Records drawn from a dataset
* * * * * * *

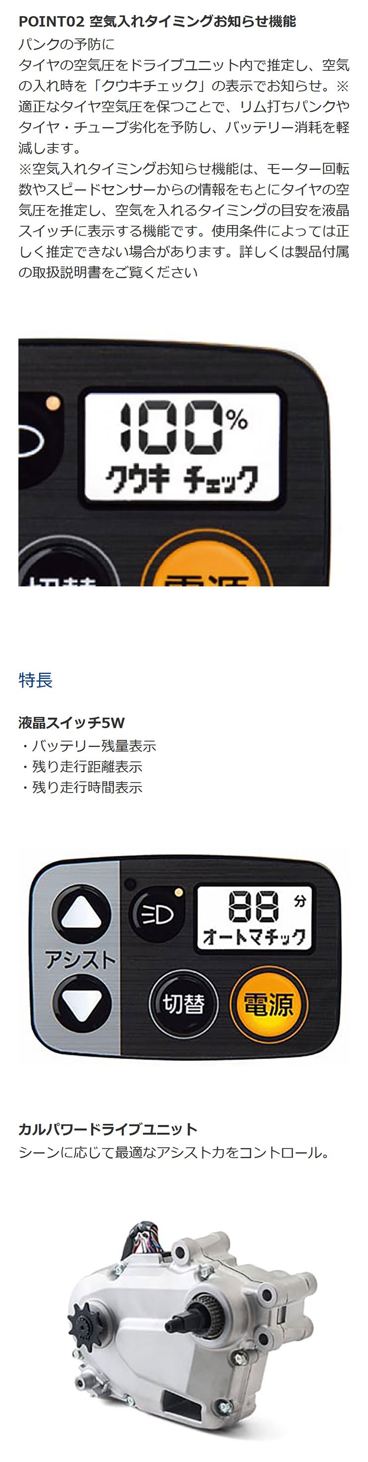 | 充電1回の走行距離(標準パターン) | 約50km※1(アシストモード:「パワー」使用時) |
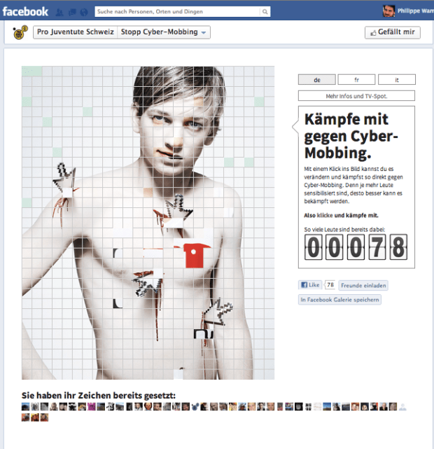 Pro Juventute will mit einer neuen Kampagne zu Cybermobbing Jugendliche und ihr Umfeld für das Thema sensibilisieren, wie die Organisation in einer Medienmitteilung schreibt. Die Kampagne erfolgt multimedial: Neben einem Clip (ganz unten) gibt es Plakate und eine Facebook-App (Klick aufs Bild).
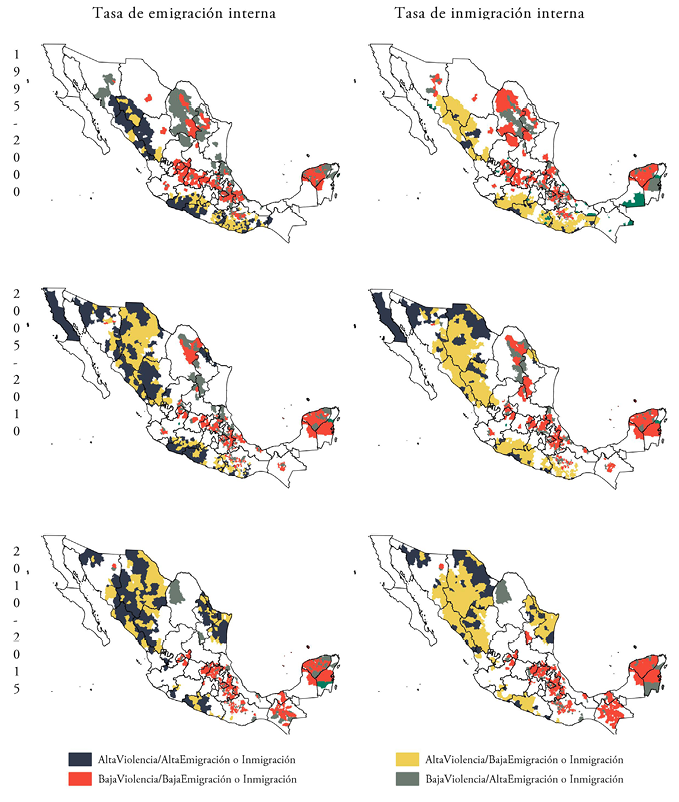 La violencia y la migración interna en México desde inicios del siglo xxi muestran una asociación significativa, particularmente en algunas regiones del norte y occidente del país donde se da una importante presencia de grupos del narcotráfico. Tal asociación es también resultado de la estrategia de seguridad federal denominada “Guerra contra el Narcotráfico” iniciada a finales de 2006 por el expresidente Felipe Calderón, consistente en el enfrentamiento directo de las fuerzas armadas contra los grupos criminales, y en especial contra algunos de los principales cárteles de drogas en México, que provocó el abatimiento de algunos de sus líderes y la división entre los cárteles por el control de los territorios y de las rutas de cultivo, producción, distribución, venta y trasiego de diversos tipos de drogas. A partir del periodo 2005-2010, se observa una asociación espacial significativa entre municipios y regiones con altos niveles de violencia cercanos a regiones con altas tasas de emigración interna y bajas tasas de inmigración interna, lo que puede dar evidencia sobre los efectos de la violencia en la dinámica migratoria interna en México resultante de los desplazamientos internos forzados por violencia e inseguridad en años recientes.
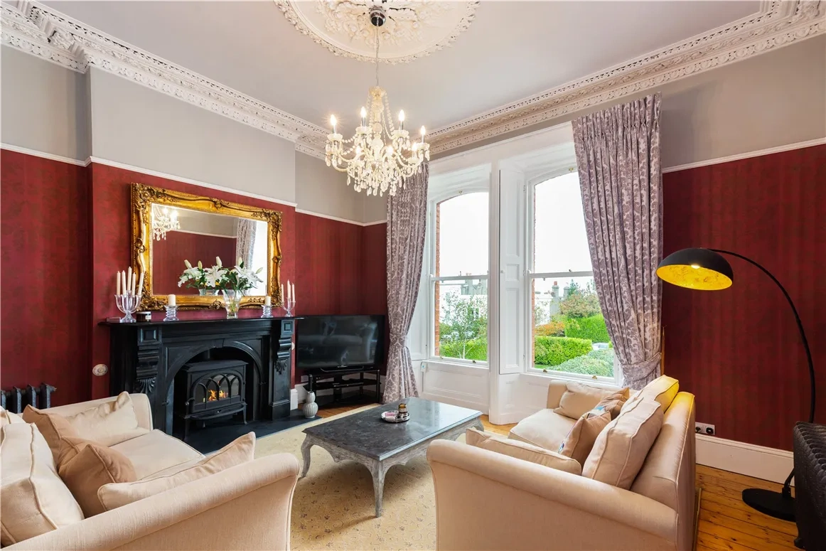 To the right of this space is the living room, which has high ceilings, intricate ceiling cornicing, two large sash windows and a black marble fireplace.
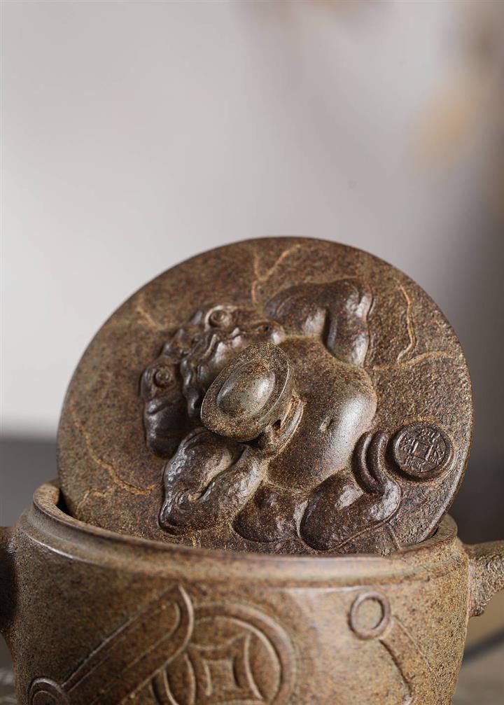 200cc原礦柴燒段泥招財進寶茶壺POT7956
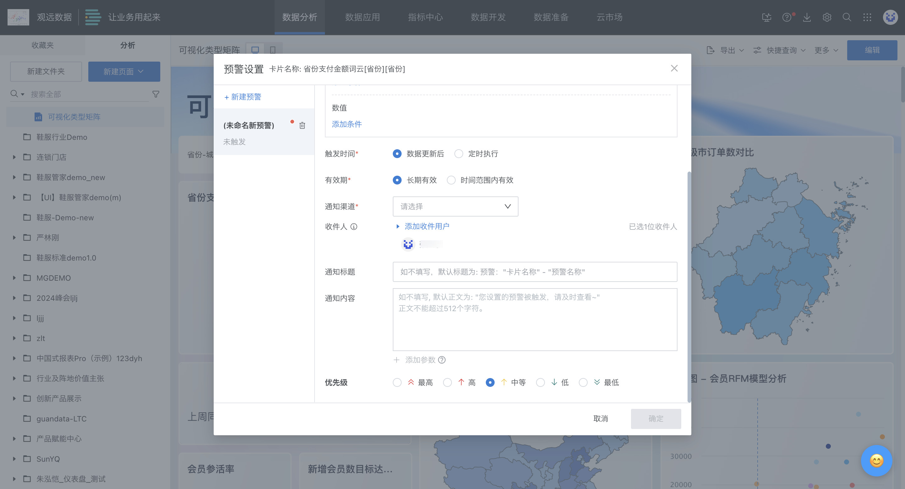 消息通知:可添加观远BI平台中的用户或用户组作为收件人,预警消息会单独发送至个人。
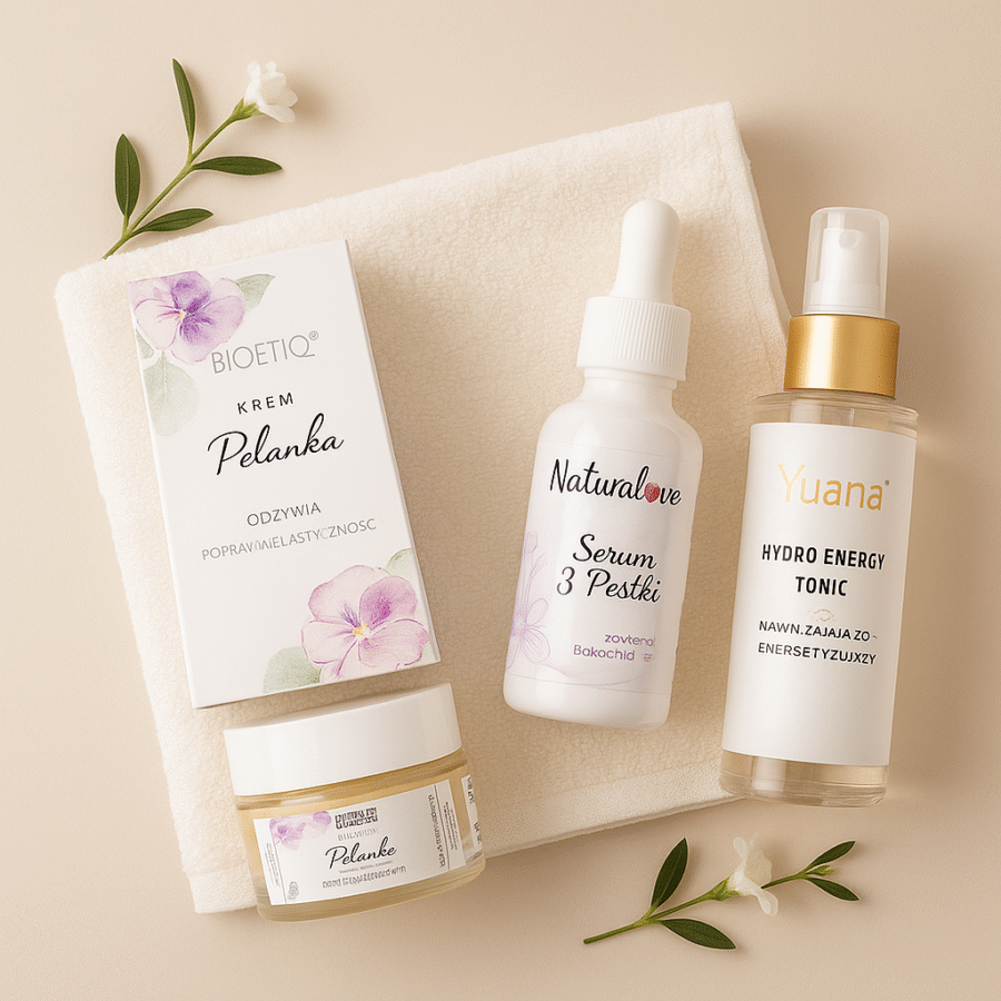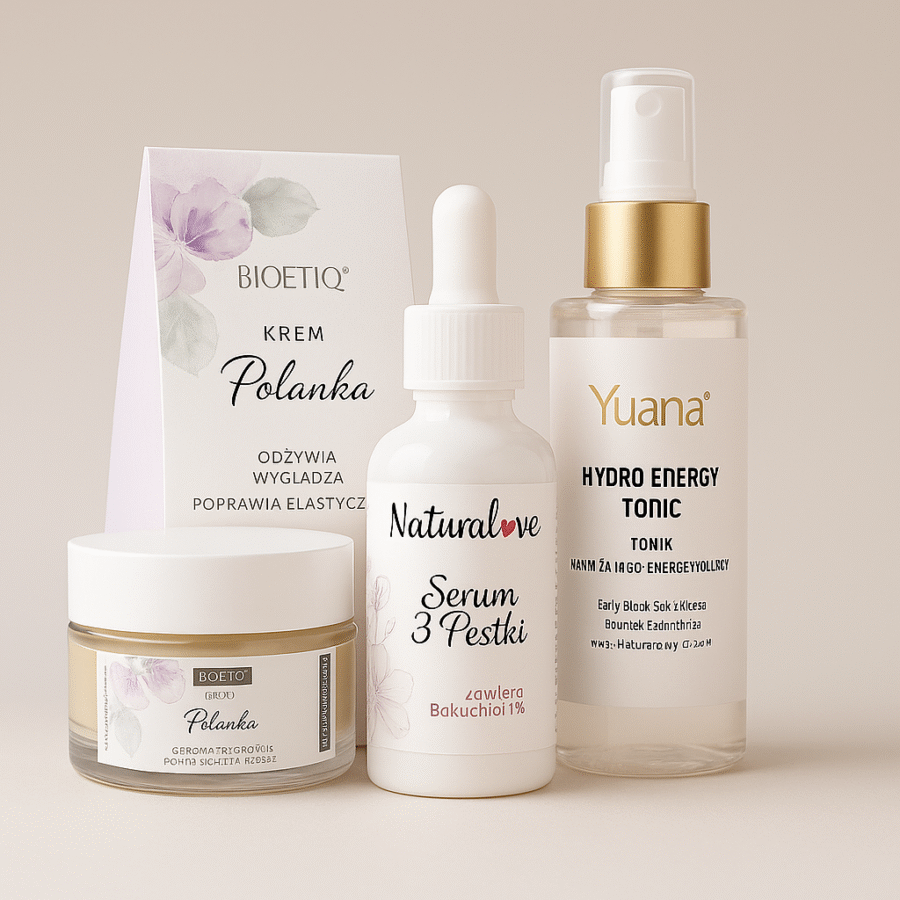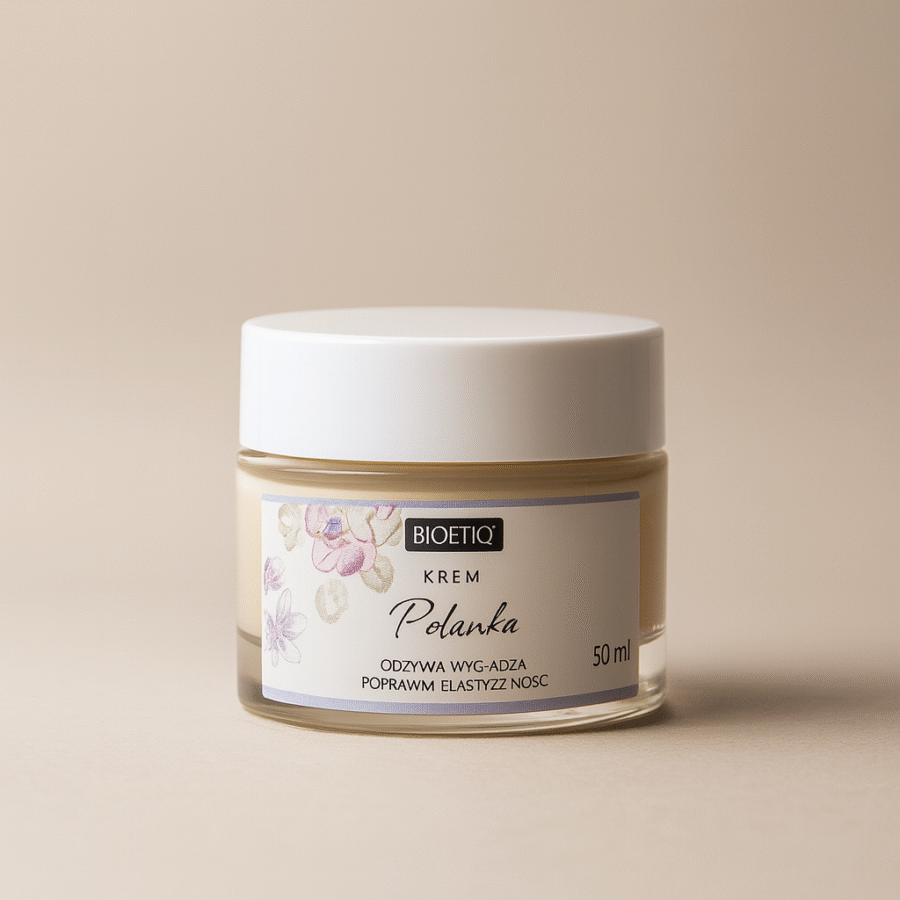- Krem Bioetiq Polanka: potrójny kwas hialuronowy, fitokolagen, Q10, witamina C, witamina E, olej z opuncji – nawilżenie, rozświetlenie, elastyczność, ochrona.

* * * * * * *

(What needs to be done) Exact text is required for the lines from the one with "To the right" through the last line of the entries, both included. Omit pictures.

(Answer)
 To the right of this space is the living room, which has high ceilings, intricate ceiling cornicing, two large sash windows and a black marble fireplace.
 200cc原礦柴燒段泥招財進寶茶壺POT7956
 消息通知:可添加观远BI平台中的用户或用户组作为收件人,预警消息会单独发送至个人。
- Krem Bioetiq Polanka: potrójny kwas hialuronowy, fitokolagen, Q10, witamina C, witamina E, olej z opuncji – nawilżenie, rozświetlenie, elastyczność, ochrona.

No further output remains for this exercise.